One server can do quite a lot, especially if you ditch Windows and put BSD on there.
now we need to go OSS in diesel cars
At least they are doing *something*.
(In reference to better to be doing something [wrong] than nothing at all)
People might point out that with a search warrant this could have happened anywhere, but this is not entirely true. It seems that in the US servers are more and more often seized as a sort of harassment in cases like this, where it is clear that there is no useful evidence can be obtained.
Sorry if this offends a few alleged 'patriots', but the lesson to learn from this story is once more:
Do not host your software or potentially controversial content on US servers or servers run by US companies!
There has not been a single criminal case that I can remember where data was overwritten and then recovered on modern drives
I think this might be the case you are looking for: http://www.wired.com/threatlevel/2011/12/manning-assange-laptop/
Johnson testified that he found two attempts to delete data on Manning’s laptop. Sometime in January 2010, the computer’s OS was re-installed, deleting information prior to that time. Then, on or around Jan. 31, someone attempted to erase the drive by doing what’s called a “zerofill” — a process of overwriting data with zeroes. Whoever initiated the process chose an option for overwriting the data 35 times — a high-security option that results in thorough deletion — but that operation was canceled.
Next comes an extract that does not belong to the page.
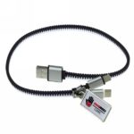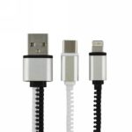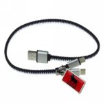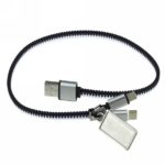 Charging cable “zipper” with 3 plugs: USB, USB type C and 2 in 1 plug (micro USB and compatible with iOS devices), USB type C with synchronization function, 5W charging power, metal badge for doming included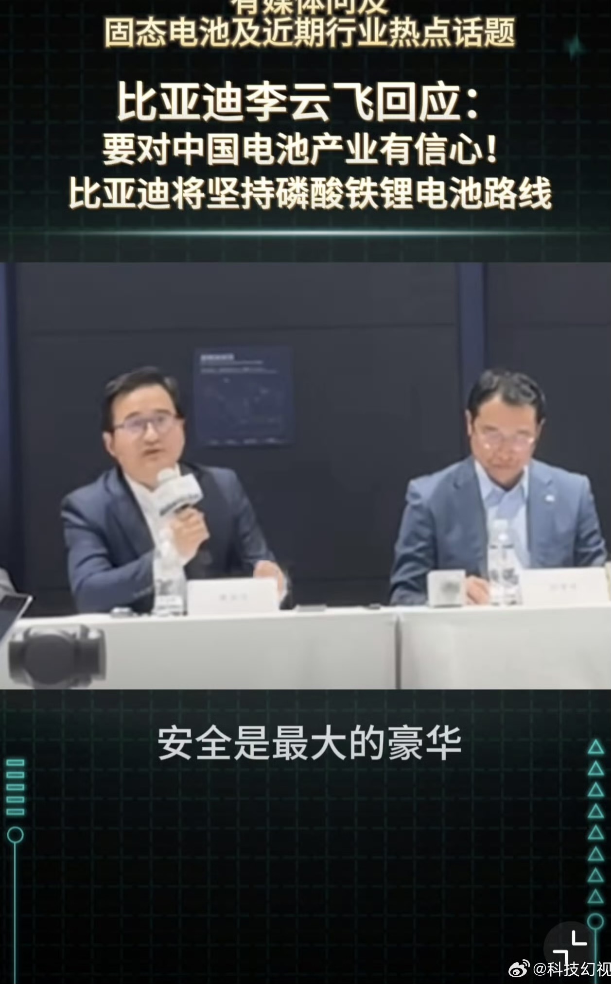 安全才是最大的豪华!在近期行业关于电池技术路线的讨论中,比亚迪李云飞表示,中国动力电池产业体量大、资源足、研发强,发展全球领先,应对行业保持信心。尽管固态电池等新技术受关注,但现有电池方案基础扎实、配套完善,已能充分满足使用需求,且冬季保温等技术持续进步。

Later, the operation was initiated again, but the person chose the option to overwrite the information only once — a much less secure and less thorough option.
All the data that Johnson was able to retrieve from un-allocated space came after that overwrite, he said.
-- ab1
.... lowest common denominator rules the world?
And so the FBI becomes a proxy DoS attack.
Anybody at the Bureau lookup 'irony' in a dictionary lately?
..given how the us gov is screwing its people nowadays.
Send a fake bomb mail to give a legal context to seizing the servers.
d'oh!
You leftys are so cute. #Occupy whatever you think you have a right to do and ruin a business or park, but the second one of your servers are impounded you whine like stuck pigs.
America Fuck Yeah!
The University of Pittsburgh is definitely dealing with an ongoing disruptive problem. However, the message delivery system is not the issue. What if the threats were delivered via snail mail? Surely all the post offices the mail passed through, around the country or world, would not be seized.
Why do you have it in for capacitors?